La maladie d'Alzheimer est la cause la plus courante de démence chez les personnes âgées. Une des stratégies thérapeutiques visant à améliorer les manifestations cliniques de la maladie d'Alzheimer est d'améliorer la neurotransmission cholinergique dans le cerveau par l'utilisation d'inhibiteurs de cholinestérase pour retarder la dégradation de l'acétylcholine, libérée dans la fente synaptique. La tacrine, le premier des inhibiteurs de la cholinestérase à être testé lors d'essais approfondis à cet effet, a été associée à des effets négatifs importants, y compris l'hépatotoxicité. D'autres inhibiteurs de la cholinestérase, la rivastigmine y comprise, ayant des propriétés supérieures en termes de spécificité d'action et de risque d'effets indésirables moindre ont depuis été introduits. La rivastigmine a été approuvée pour utilisation dans 60 pays, dont tous les États membres de l'Union européenne et les États-Unis.

Objectifs: 

Déterminer l'efficacité clinique et l'innocuité de la rivastigmine chez les patients atteints de démence de type Alzheimer.

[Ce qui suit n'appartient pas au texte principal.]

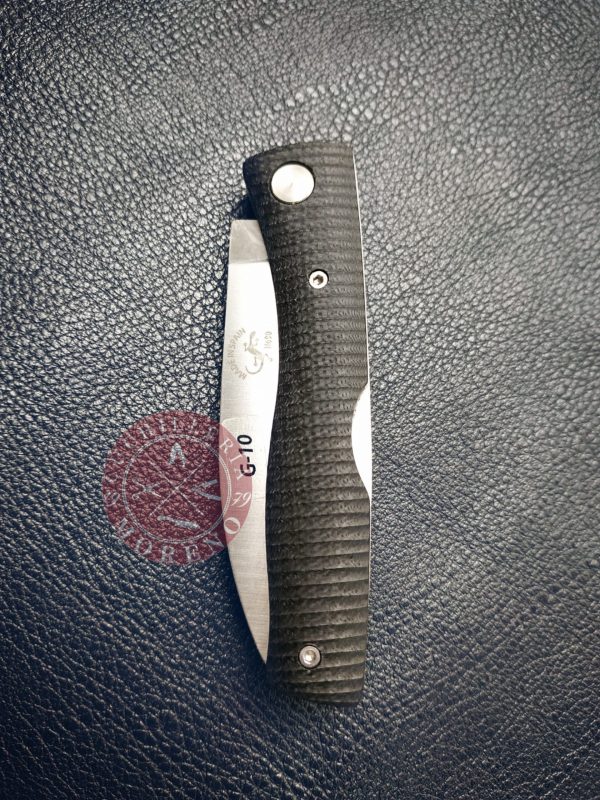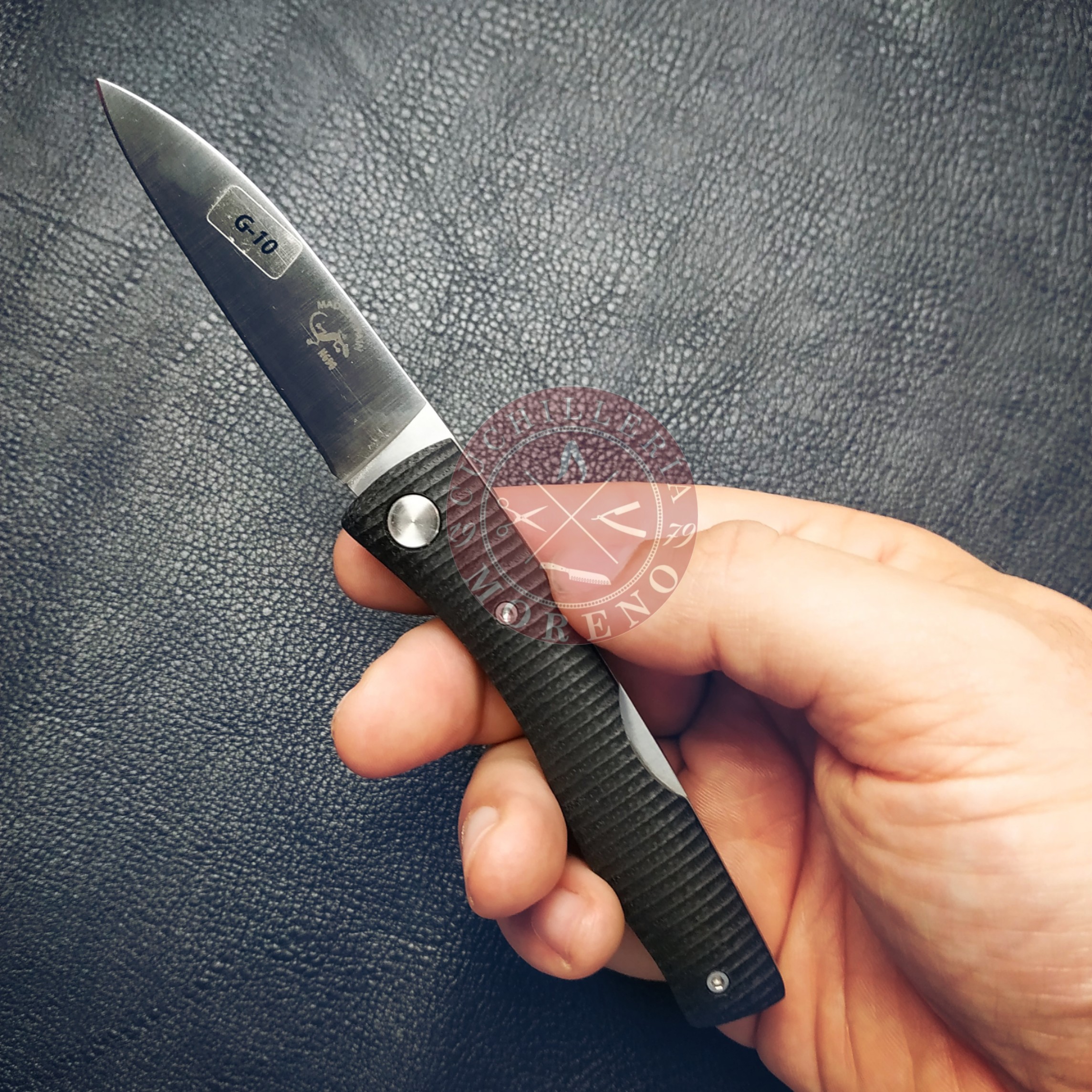 - Hoja de acero inoxidable N690 de 7,5cm y punta caída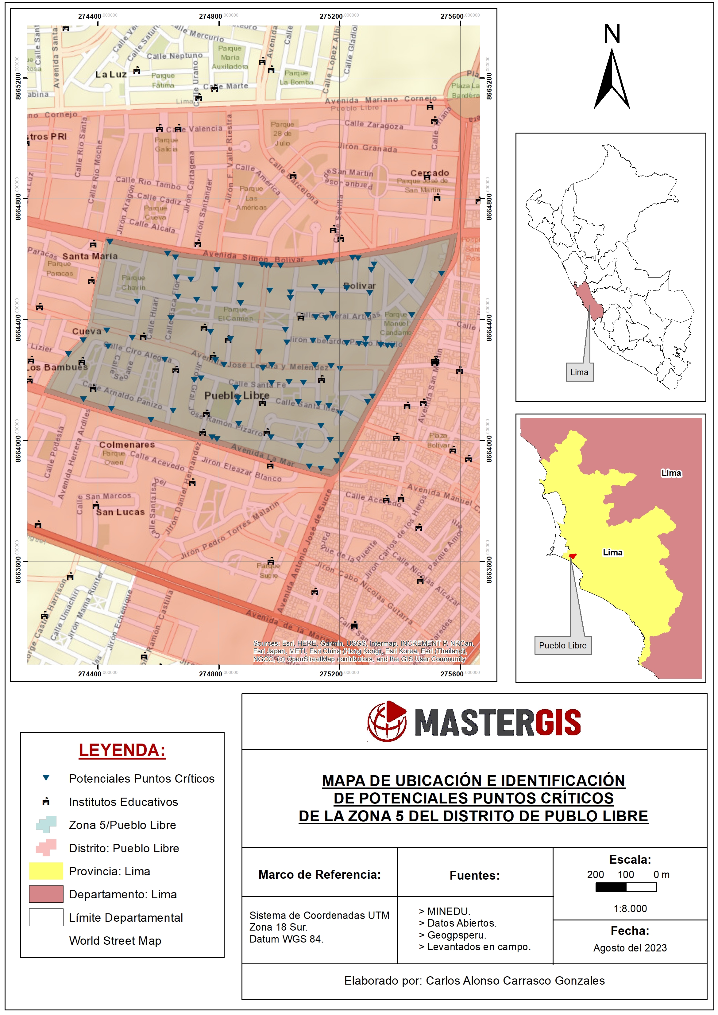 Una vez definida el tema del proyecto se identificaron los insumos necesarios para la producción de este. El área de estudio se limita a la Zona 5 del distrito de Pueblo Libre, shapefile que tenía que ser creado; y los puntos georreferenciados de los potenciales puntos críticos que se identificarían, los cuales fueron tomados con ayuda de un aplicativo llamado Map Marker, ya que no cuento con un dispositivo GPS. En todo momento se trabajó en el Sistema de Coordenadas Proyectadas UTM Zona 18 Sur.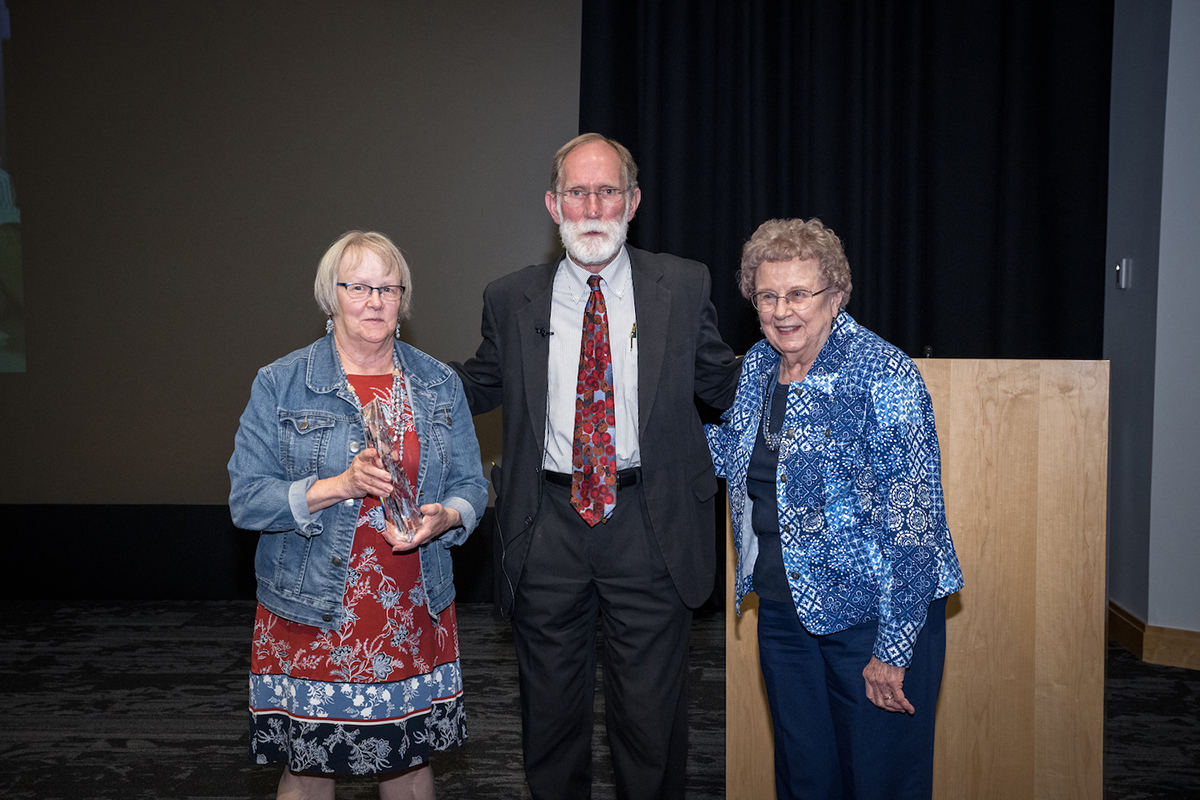 Peter Agre, MD, winner of the Nobel Prize in Chemistry in 2003, gave the Stanley J. Korsmeyer Memorial Lecture Oct. 6 at the Eric P. Newman Education Center on the Medical Campus. Shown (from left) are: Lynn Hollahan, Korsmeyer’s sister; Agre; and Carnell Korsmeyer, Korsmeyer’s mother. Korsmeyer, MD, was an internationally known cancer researcher and beloved former Washington University medical oncologist whose groundbreaking discoveries opened new doors to understanding and treating cancer. The memorial lectureship was established in 2005, after Korsmeyer died of cancer. (Photo: Carol Green/Washington University)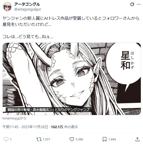 集英社舉辦的「Young Jump 新人漫畫大賞」(第36回),其中得獎作品《御国の羽々斬様》(作者:森永侮瑠戊ン),被不少X網友質疑疑似使用 AI 作畫,雖說並未被證實,卻已經在日本X上掀起討論,質疑使用AI到底能不能報名比賽。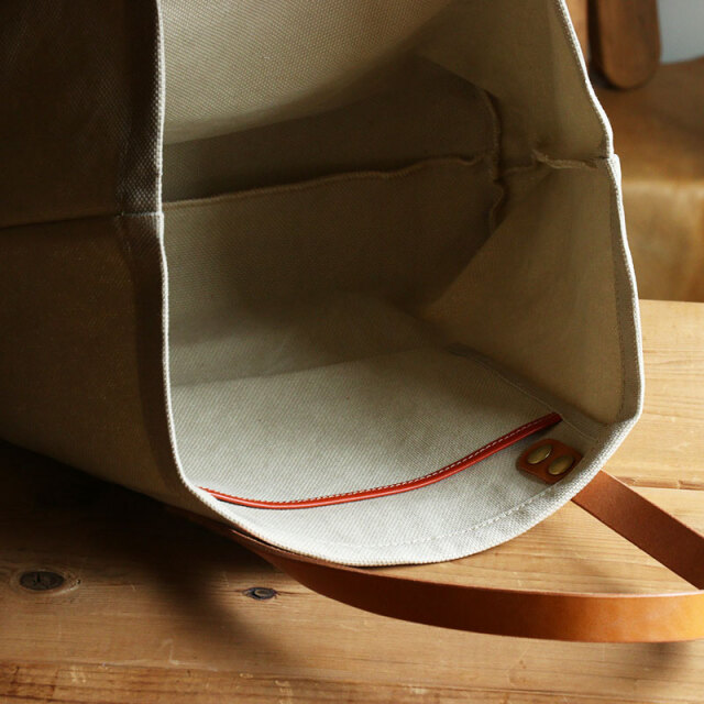 | 生地:帆布 持ち手:ヌメ革 カシメ:真鍮 |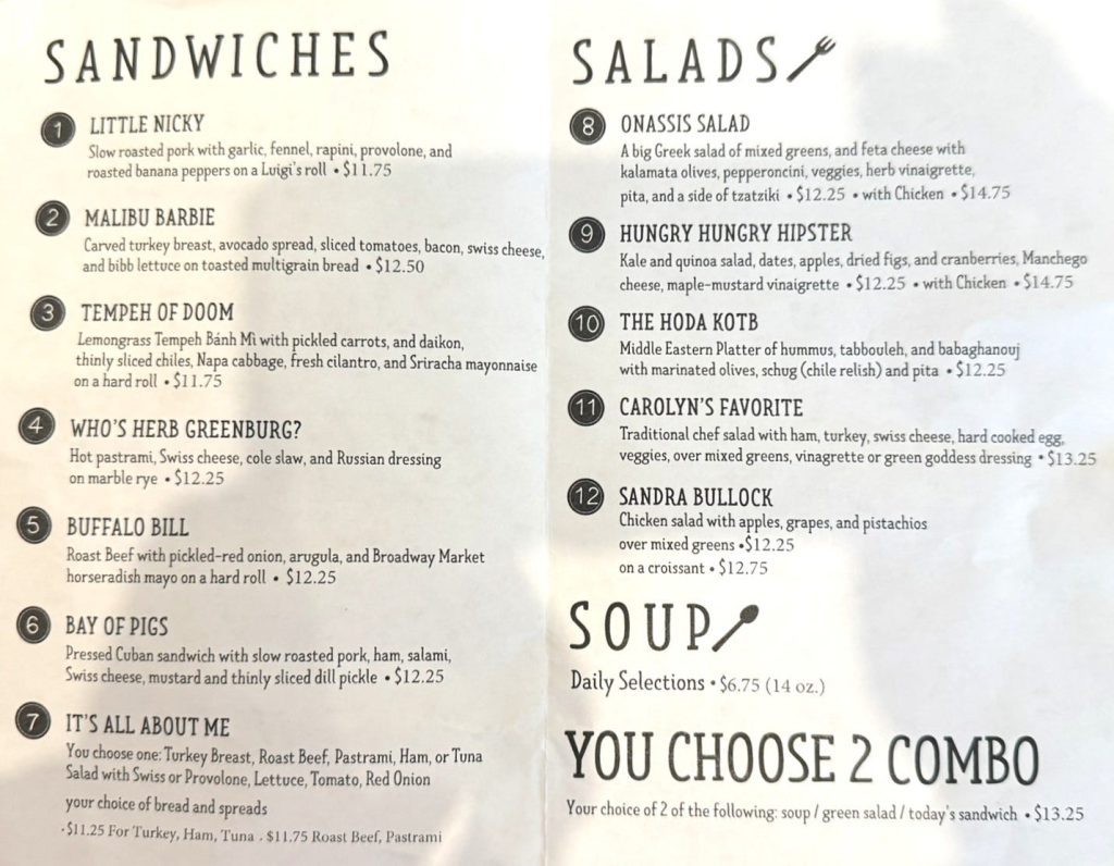 Here, diners can choose a hearty scratch-made lunch for $13.25: sandwich du jour, soup, salad: pick two.

Stratégie de recherche documentaire: 

Nous avons effectué le 2 mars 2015 une recherche dans ALOIS, le registre spécialisé du groupe Cochrane sur la démence et les autres troubles cognitifs, ainsi formulée : Rivastigmine OR exelon OR ENA OR "SDZ ENA 713". ALOIS contient des dossiers d’essais cliniques identifiés lors de recherches mensuelles effectuées dans plusieurs bases de données médicales majeures (Bibliothèque Cochrane, MEDLINE, EMBASE, PsycINFO, CINAHL, LILACS), de nombreux registres d’essais cliniques et de sources de la littérature grise.

Critères de sélection: 

Nous avons inclus tous les essais contrôlés randomisés en double aveugle et non confondus, dans lesquels un traitement par la rivastigmine a été administré à des patients atteints de démence de type Alzheimer pendant 12 semaines ou plus et ses effets ont été comparés par rapport à ceux d'un placebo dans un groupe parallèle de patients, ou dans lesquels deux formulations de rivastigmine ont été comparées entre elles.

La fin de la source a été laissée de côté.